Problem details =
Write out the lines below exactly, beginning at the one with "boji. ✅3000 din" and stopping after the one with "В Нижневартовске дождливыми"; the pictures are not copied.

Data for the task =
=== Begin Enclosure ===
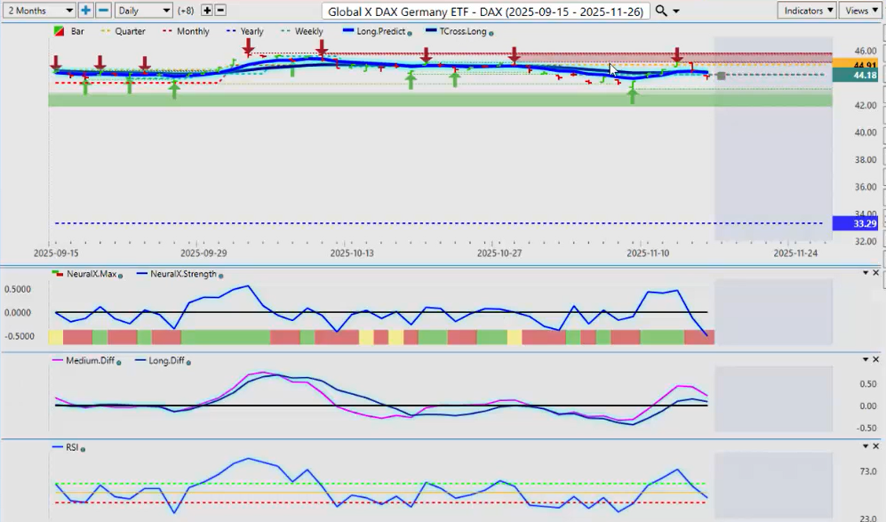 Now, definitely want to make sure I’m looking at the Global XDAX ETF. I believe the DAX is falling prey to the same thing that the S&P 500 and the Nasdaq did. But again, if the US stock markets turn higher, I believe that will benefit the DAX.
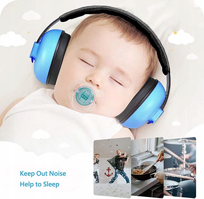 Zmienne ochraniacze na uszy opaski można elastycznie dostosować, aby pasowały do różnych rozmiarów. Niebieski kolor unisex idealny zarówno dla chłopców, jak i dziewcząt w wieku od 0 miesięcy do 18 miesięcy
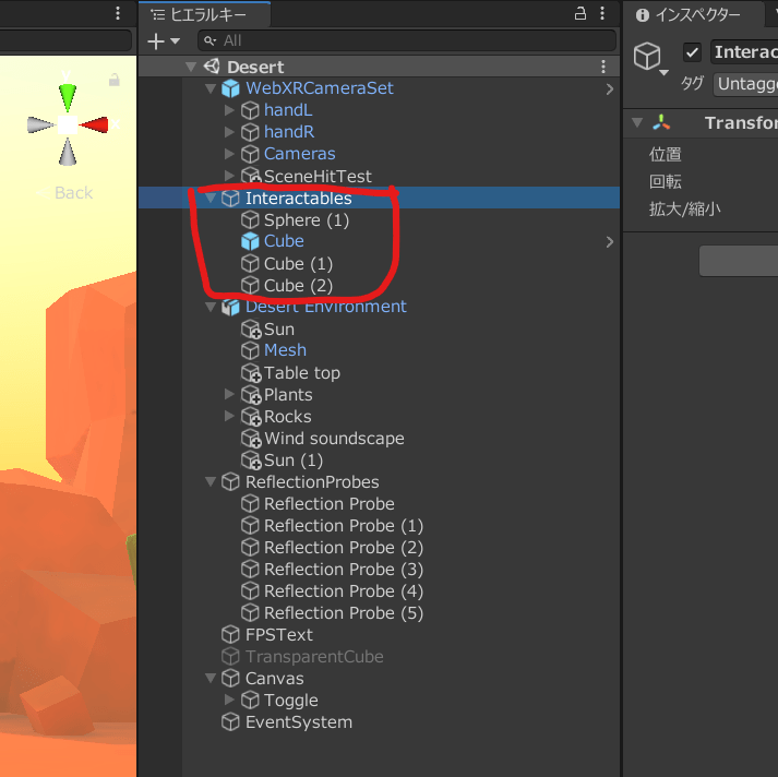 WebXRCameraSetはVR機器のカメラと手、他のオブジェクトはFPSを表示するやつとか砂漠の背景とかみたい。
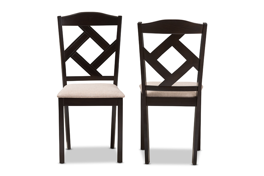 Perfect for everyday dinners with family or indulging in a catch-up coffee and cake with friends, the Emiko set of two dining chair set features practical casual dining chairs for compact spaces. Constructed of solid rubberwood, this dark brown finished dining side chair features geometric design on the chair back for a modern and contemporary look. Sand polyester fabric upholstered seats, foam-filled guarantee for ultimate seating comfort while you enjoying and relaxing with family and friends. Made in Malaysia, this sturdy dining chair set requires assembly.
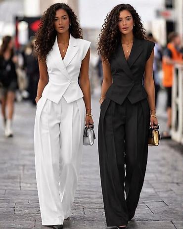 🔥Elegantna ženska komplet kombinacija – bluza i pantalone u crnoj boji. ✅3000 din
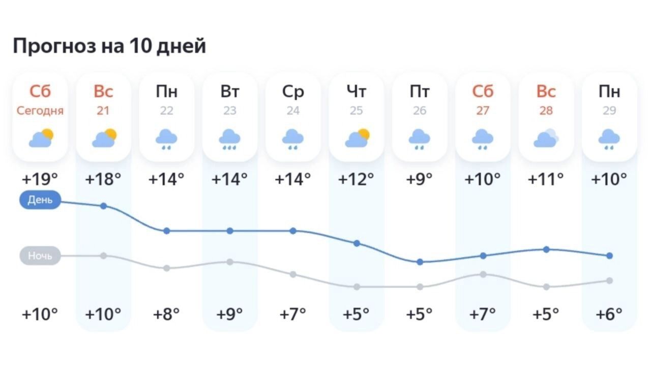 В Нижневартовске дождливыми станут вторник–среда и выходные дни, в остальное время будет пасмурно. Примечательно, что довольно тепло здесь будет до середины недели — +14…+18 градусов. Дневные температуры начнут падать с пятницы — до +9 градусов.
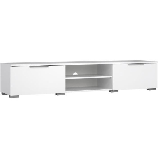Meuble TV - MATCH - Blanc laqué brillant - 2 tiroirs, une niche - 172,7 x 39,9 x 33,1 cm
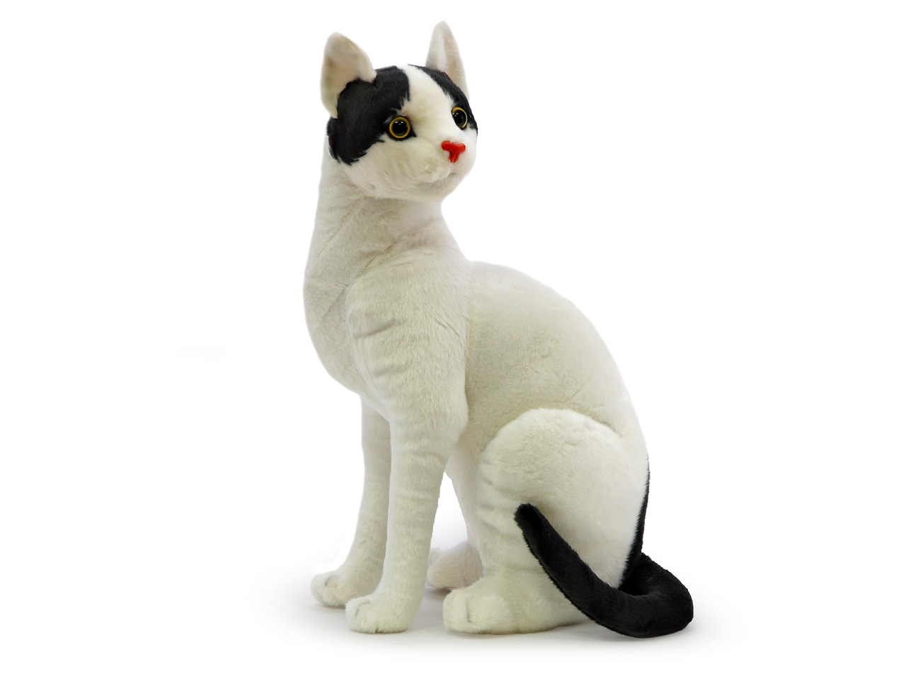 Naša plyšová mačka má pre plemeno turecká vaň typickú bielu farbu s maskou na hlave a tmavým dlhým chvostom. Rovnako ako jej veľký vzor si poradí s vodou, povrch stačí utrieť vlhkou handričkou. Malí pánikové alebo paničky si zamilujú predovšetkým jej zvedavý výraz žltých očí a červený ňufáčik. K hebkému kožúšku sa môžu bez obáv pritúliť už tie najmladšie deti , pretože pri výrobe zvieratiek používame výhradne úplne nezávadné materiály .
=== End Enclosure ===
=== Begin Enclosure ===
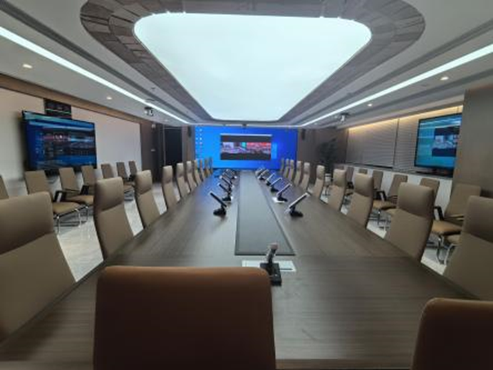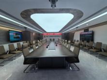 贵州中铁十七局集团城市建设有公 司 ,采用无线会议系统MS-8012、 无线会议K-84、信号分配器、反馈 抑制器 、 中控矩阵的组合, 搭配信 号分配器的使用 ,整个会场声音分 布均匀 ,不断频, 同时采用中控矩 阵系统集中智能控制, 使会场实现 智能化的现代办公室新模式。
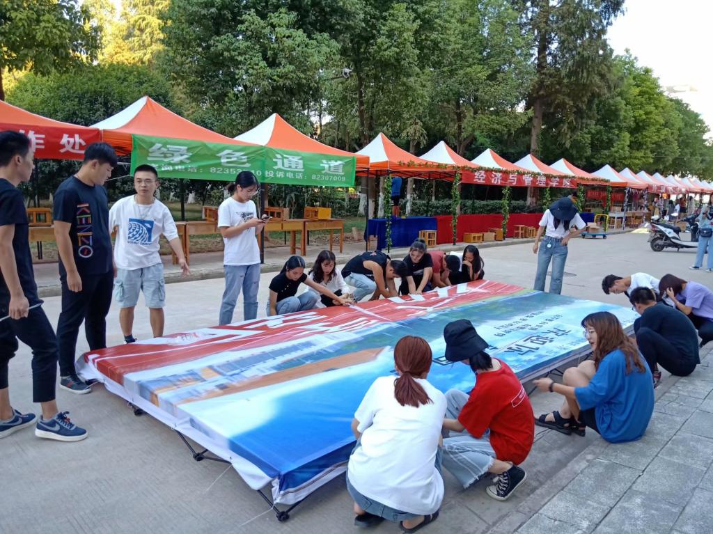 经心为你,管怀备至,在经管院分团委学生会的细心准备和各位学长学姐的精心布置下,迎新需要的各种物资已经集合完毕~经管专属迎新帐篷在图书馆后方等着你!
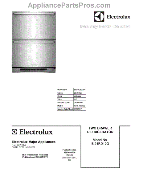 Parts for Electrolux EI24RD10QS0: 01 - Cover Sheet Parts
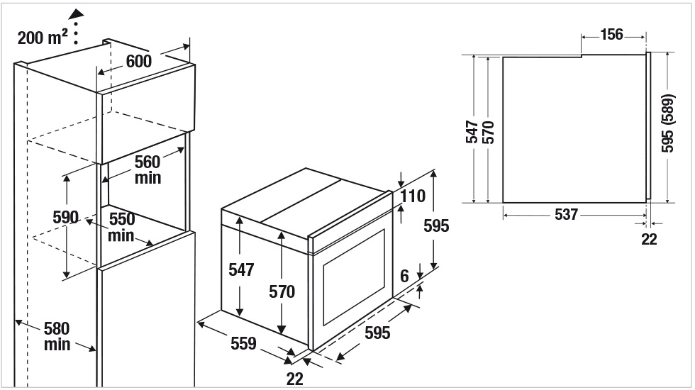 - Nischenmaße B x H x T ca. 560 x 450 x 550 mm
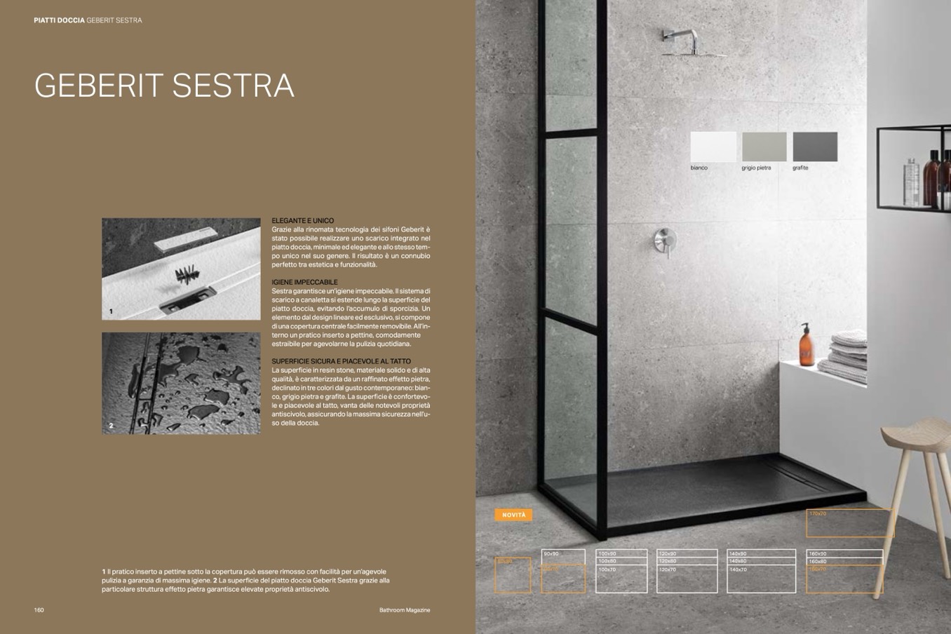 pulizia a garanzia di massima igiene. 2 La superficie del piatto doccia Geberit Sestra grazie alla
=== End Enclosure ===
=== Begin Enclosure ===
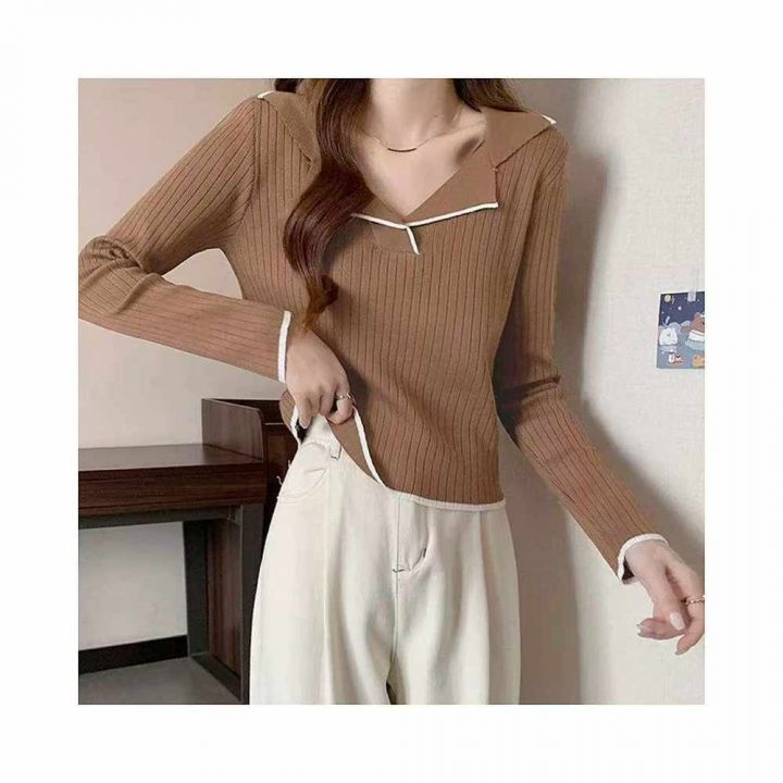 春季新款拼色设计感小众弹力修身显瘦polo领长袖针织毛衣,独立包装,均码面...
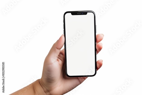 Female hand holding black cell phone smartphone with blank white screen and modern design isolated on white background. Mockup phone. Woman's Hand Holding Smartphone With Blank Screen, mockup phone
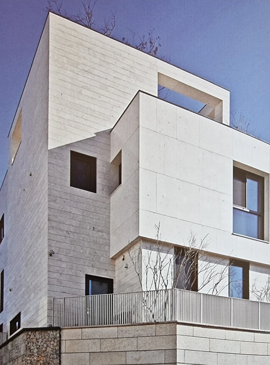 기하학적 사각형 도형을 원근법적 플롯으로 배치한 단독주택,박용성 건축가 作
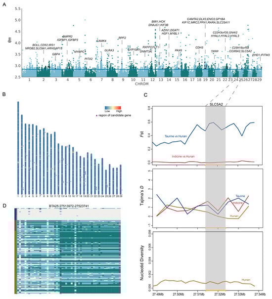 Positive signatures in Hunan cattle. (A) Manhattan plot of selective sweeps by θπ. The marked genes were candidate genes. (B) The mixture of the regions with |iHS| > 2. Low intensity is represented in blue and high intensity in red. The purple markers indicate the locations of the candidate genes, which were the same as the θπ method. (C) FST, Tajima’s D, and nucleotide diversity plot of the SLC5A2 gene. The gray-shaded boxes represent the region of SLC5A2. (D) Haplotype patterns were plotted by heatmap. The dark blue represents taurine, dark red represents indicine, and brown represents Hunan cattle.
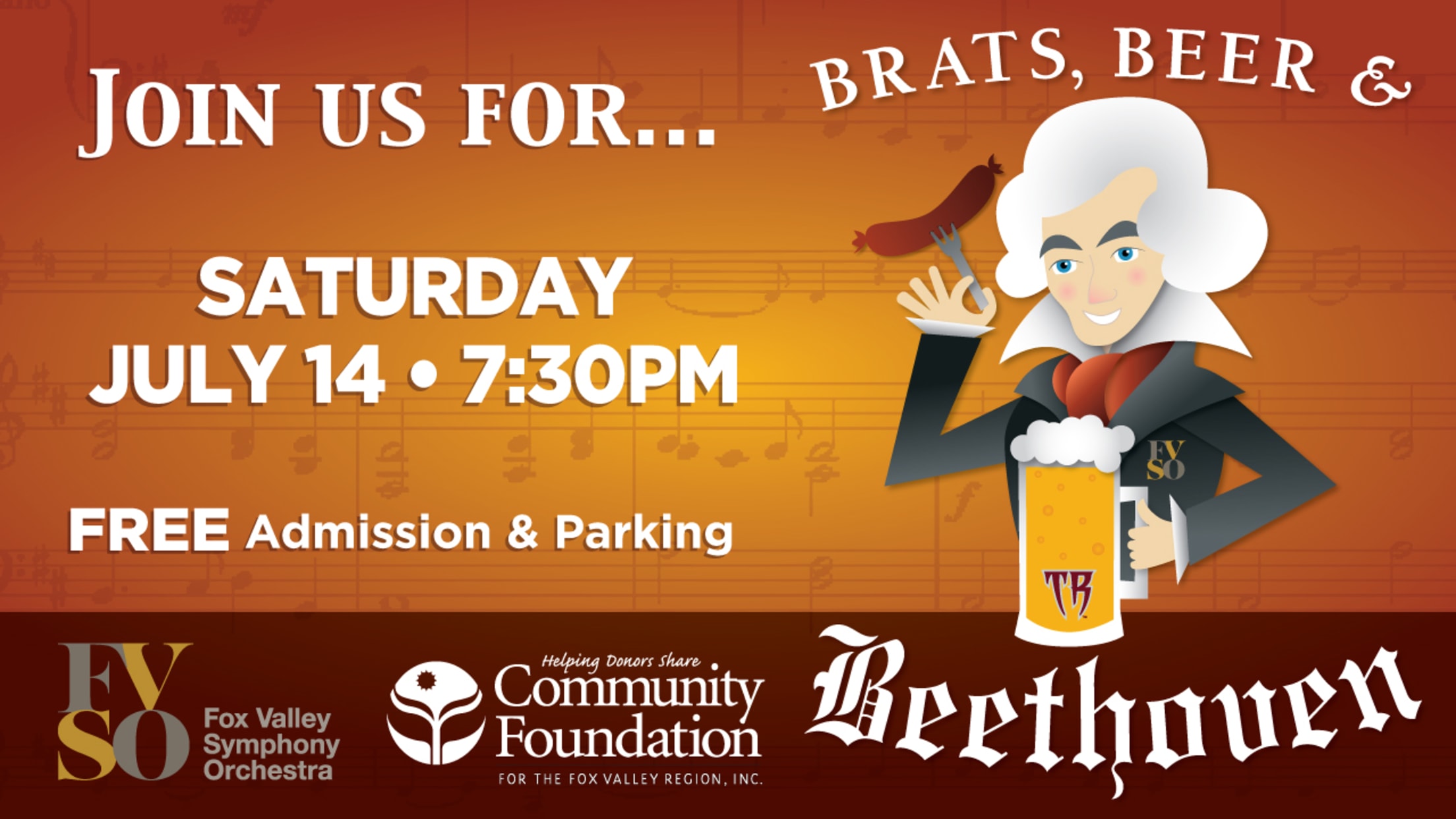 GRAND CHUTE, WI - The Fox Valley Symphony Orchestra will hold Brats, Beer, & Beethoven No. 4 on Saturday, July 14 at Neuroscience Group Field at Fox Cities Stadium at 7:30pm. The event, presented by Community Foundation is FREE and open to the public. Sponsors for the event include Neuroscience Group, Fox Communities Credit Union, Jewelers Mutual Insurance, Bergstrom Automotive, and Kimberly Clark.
=== End Enclosure ===
Task solution =
 🔥Elegantna ženska komplet kombinacija – bluza i pantalone u crnoj boji. ✅3000 din
 В Нижневартовске дождливыми станут вторник–среда и выходные дни, в остальное время будет пасмурно. Примечательно, что довольно тепло здесь будет до середины недели — +14…+18 градусов. Дневные температуры начнут падать с пятницы — до +9 градусов.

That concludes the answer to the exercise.